- [Brief]:
The listing below holds pictures; exclude them. Return exactly the lines from the one with "Con la información" through the one with "油耗数据管理:根据车龄,车型,驾驶行为,载重量获取到实际的耗油量数据。".

- [Materials provided]:
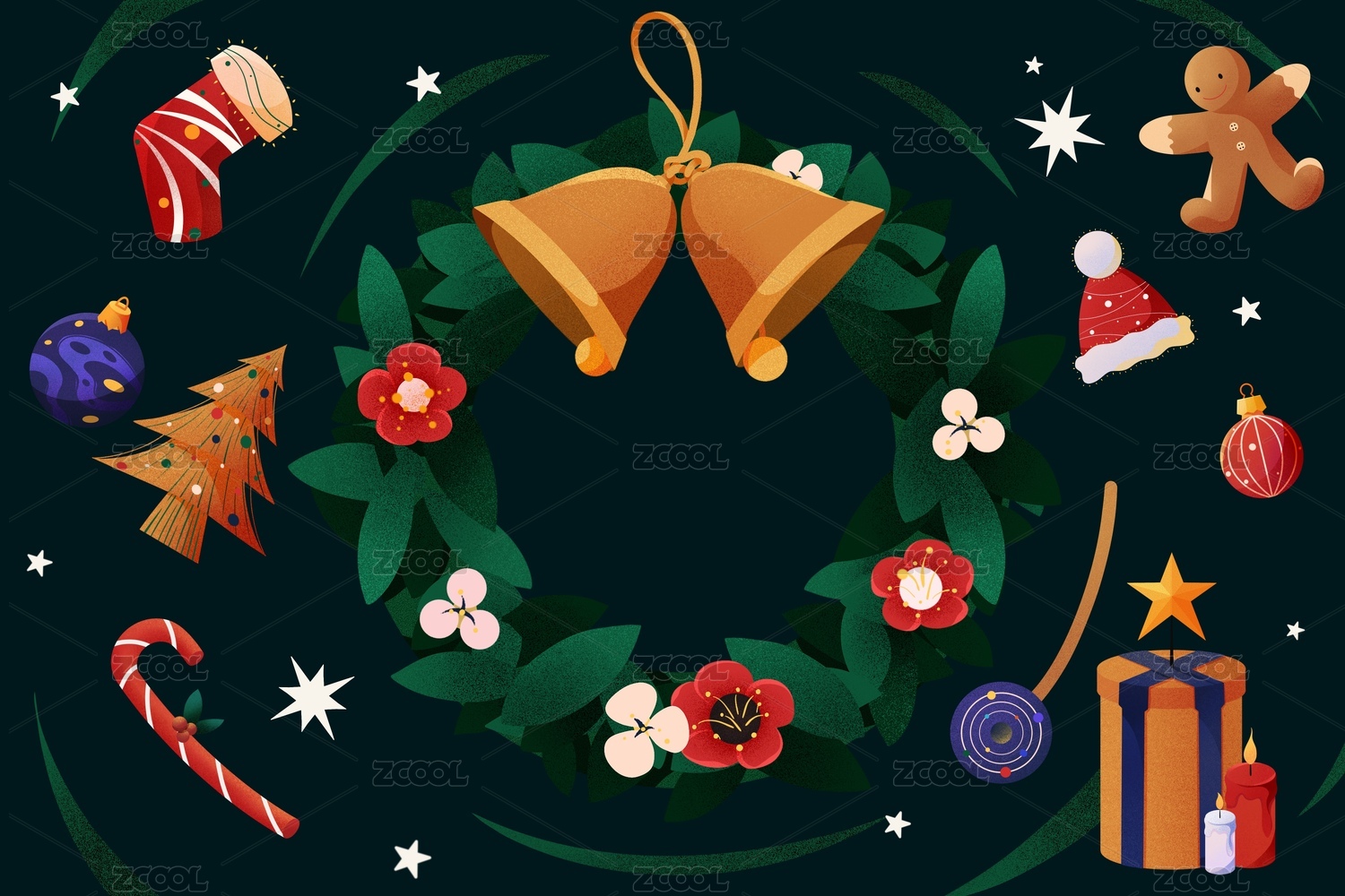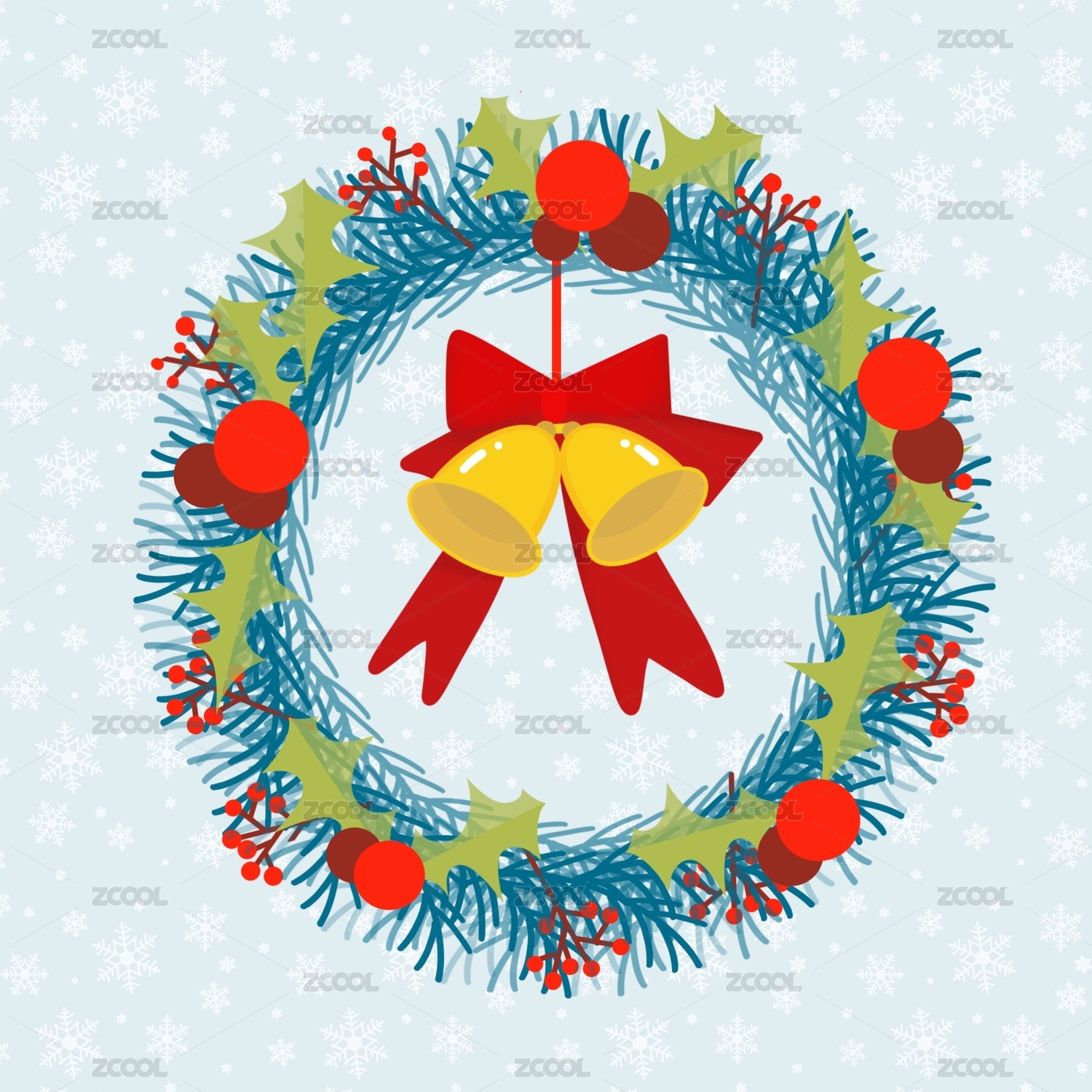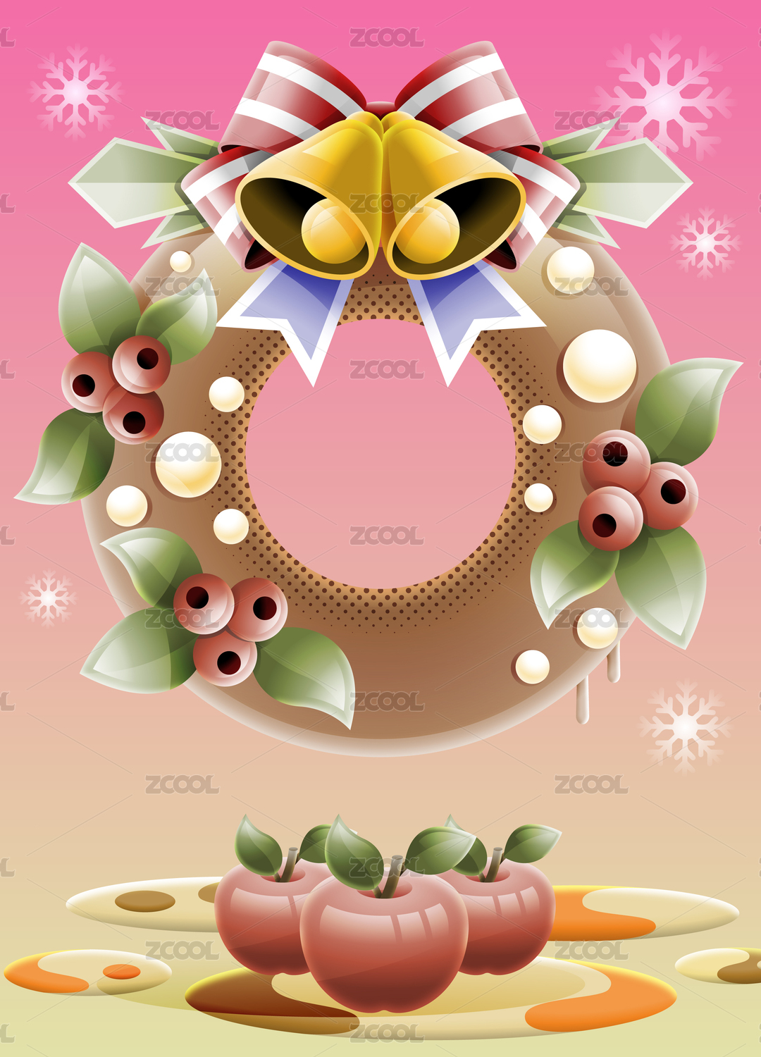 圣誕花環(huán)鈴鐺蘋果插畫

---

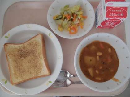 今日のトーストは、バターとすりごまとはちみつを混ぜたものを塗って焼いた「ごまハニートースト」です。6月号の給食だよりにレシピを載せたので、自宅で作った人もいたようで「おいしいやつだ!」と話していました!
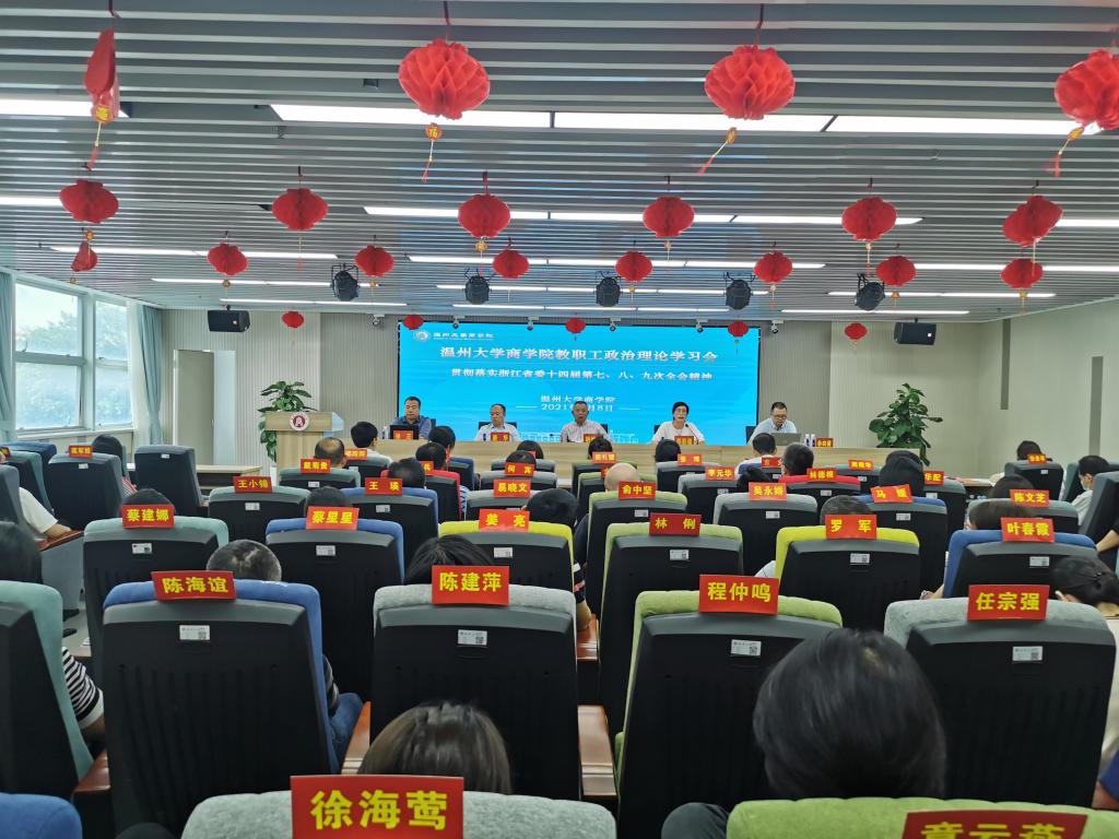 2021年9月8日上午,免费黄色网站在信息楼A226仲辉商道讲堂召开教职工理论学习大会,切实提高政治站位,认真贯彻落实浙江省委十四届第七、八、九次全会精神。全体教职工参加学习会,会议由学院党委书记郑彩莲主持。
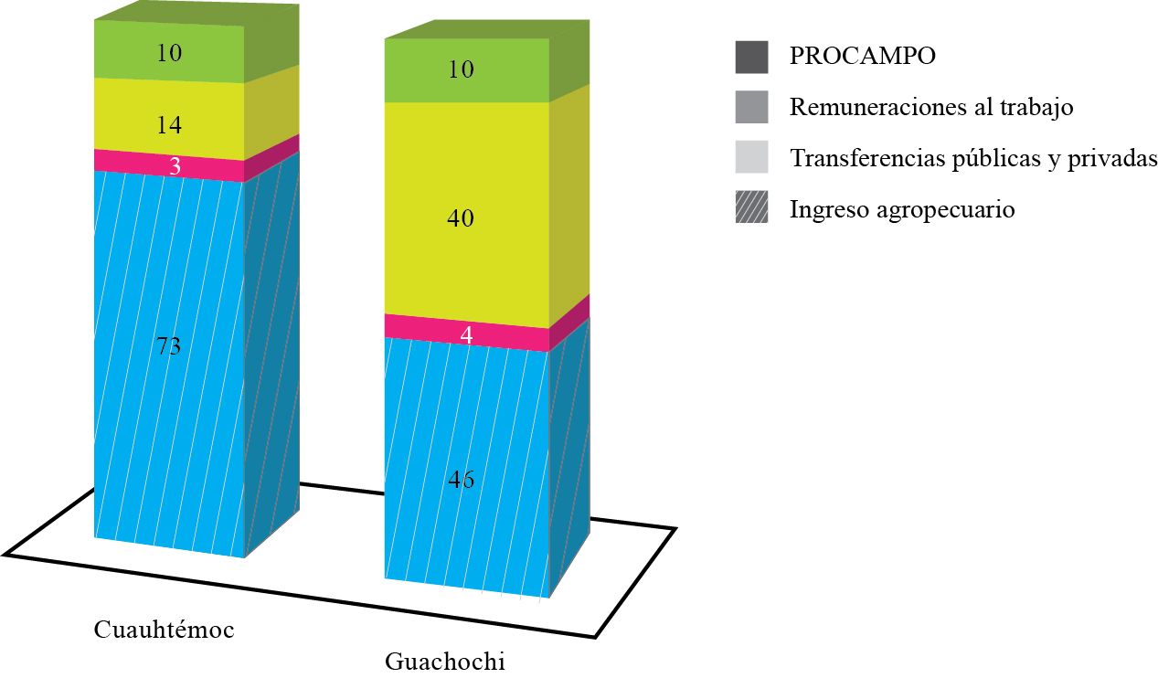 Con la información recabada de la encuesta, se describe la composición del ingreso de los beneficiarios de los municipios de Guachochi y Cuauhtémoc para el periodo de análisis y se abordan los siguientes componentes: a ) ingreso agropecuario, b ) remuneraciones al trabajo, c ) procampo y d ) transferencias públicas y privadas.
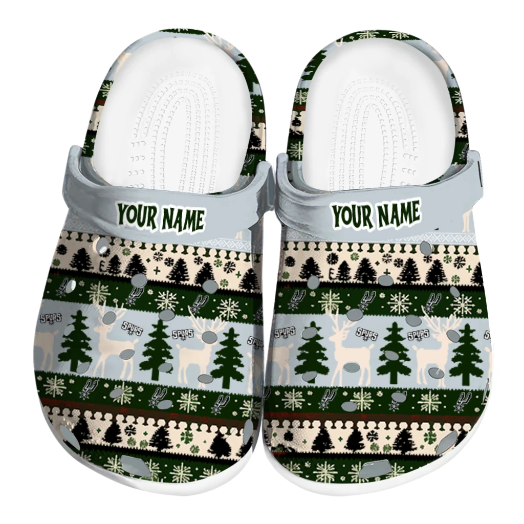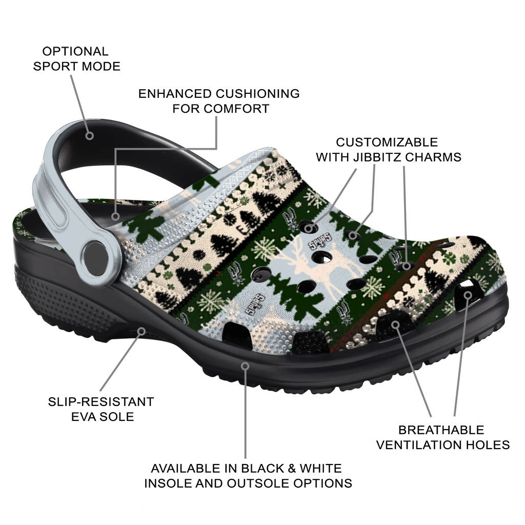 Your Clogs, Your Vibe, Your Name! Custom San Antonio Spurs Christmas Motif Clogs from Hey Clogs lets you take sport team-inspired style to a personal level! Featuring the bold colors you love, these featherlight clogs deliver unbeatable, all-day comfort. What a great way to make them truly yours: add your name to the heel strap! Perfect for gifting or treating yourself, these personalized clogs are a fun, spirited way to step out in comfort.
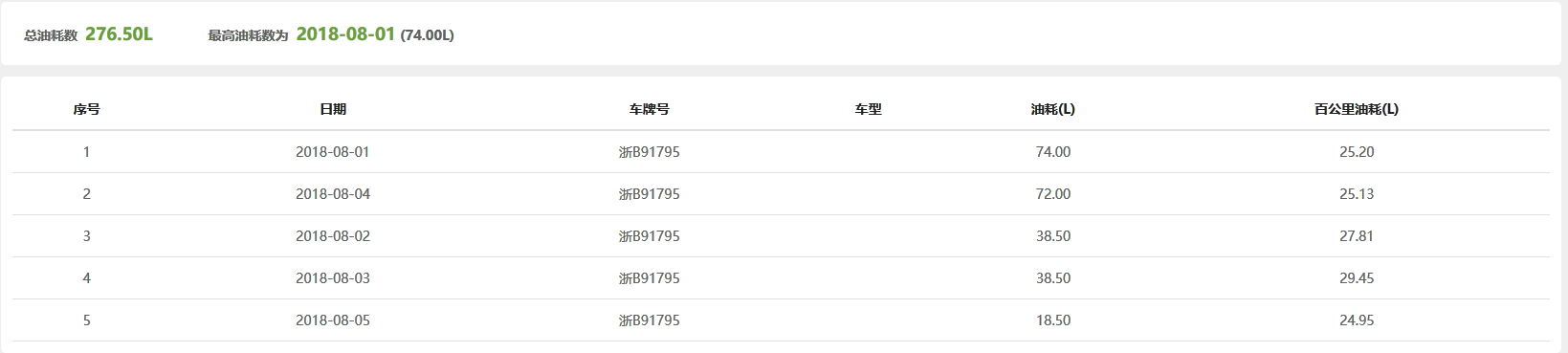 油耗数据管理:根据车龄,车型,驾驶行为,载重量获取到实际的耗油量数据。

- [Exercise response]:
 Con la información recabada de la encuesta, se describe la composición del ingreso de los beneficiarios de los municipios de Guachochi y Cuauhtémoc para el periodo de análisis y se abordan los siguientes componentes: a ) ingreso agropecuario, b ) remuneraciones al trabajo, c ) procampo y d ) transferencias públicas y privadas.
 Your Clogs, Your Vibe, Your Name! Custom San Antonio Spurs Christmas Motif Clogs from Hey Clogs lets you take sport team-inspired style to a personal level! Featuring the bold colors you love, these featherlight clogs deliver unbeatable, all-day comfort. What a great way to make them truly yours: add your name to the heel strap! Perfect for gifting or treating yourself, these personalized clogs are a fun, spirited way to step out in comfort.
 油耗数据管理:根据车龄,车型,驾驶行为,载重量获取到实际的耗油量数据。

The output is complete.